At such an early stage, product identification would be “cumbersome,” an “unnecessary hurdle for the families involved in these cases,” especially the method of product identification GlaxoSmithKline has suggested. Plaintiffs note that the company has proposed a “complicated eight-step mandate,” far more complex than the Fact Sheet, created by Plaintiffs themselves, which already includes an “earlier, more comprehensive production of product identification information.” In fact, GlaxoSmithKline’s way of doing things would delay the beginning of initial discovery by “anywhere from 90 days to 180 days,” Plaintiffs claim. Ultimately, that would postpone the production of information, the very information GlaxoSmithKline wants, longer than necessary.

Glaxo’s proposal, the memorandum continues, will also inevitably hinder the wrong Plaintiffs. While some of the women who have filed lawsuits may, indeed, have taken a generic form of Zofran, many others became pregnant prior to 2007, and thus before any generic versions of the drug became available. But GlaxoSmithKline is asking them for product identification, too.

Zofran “Unlike Any Other Pharmaceutical Case Involving Generic” Drugs

Even more importantly, Plaintiffs argue, this litigation is different.

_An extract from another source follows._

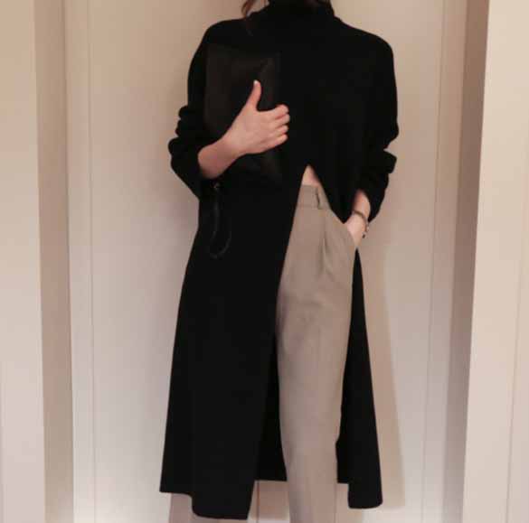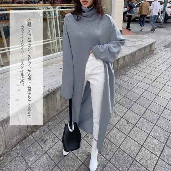 ■コメント ・一見ロングワンピースのように見えるセーター。 ・大胆に入ったフロントスリットからボトムがチラッと見えてカッコイイレイヤードスタイルに◎。 ・タートルネックで首元あったか。 ・パンツやロングスカートなどとの相性が抜群です。 ■サイズ(単位:約cm) フリーサイズ 総丈120cm バスト110cm 袖丈58cm(OK) ※平置き採寸の為、1-3cmの誤差がある場合があります。予めご了承下さいませ。 ■カラー 画像に記載 ■裏地 なし ■生地の厚さ 普通 ■透け感 なし ■伸縮性 あり ■素材 アクリル80%、ポリエステル20% ■重量 400g

GlaxoSmithKline wants generic ondansetron cases to be dismissed, they write, and in other MDLs that can happen. Courts frequently hold that brand name drug companies can’t be held accountable for injuries caused by generic equivalents. But as the US Justice Department alleged in 2012, Plaintiffs claim that GlaxoSmithKline illegally marketed Zofran for use as a morning sickness treatment, and that this marketing began well before any generic versions became available.

Along those lines, “Plaintiffs will prove (and GSK implicitly has conceded in the largest healthcare fraud settlement in U.S. history) that GSK’s pervasive illegal and fraudulent conduct marketing for an untested, unapproved and virtually experimental use gives rise to its liability for injuries based on the ingestion of generic ondansetron by mothers after 2007″ [emphasis added].

In effect, Glaxo’s allegedly illegal promotion of Zofran created an entirely new, and illegitimate, market for the drug, namely OB / GYNs and pregnant women. When generic drug manufacturers came along, they only exploited this market for ondansetron, a market Plaintiffs claim was intentionally created by GlaxoSmithKline. Under that legal theory, GlaxoSmithKline should be held accountable for the birth defects families believe were caused by ondansetron, whether or not the drug was actually manufactured by the brand name company.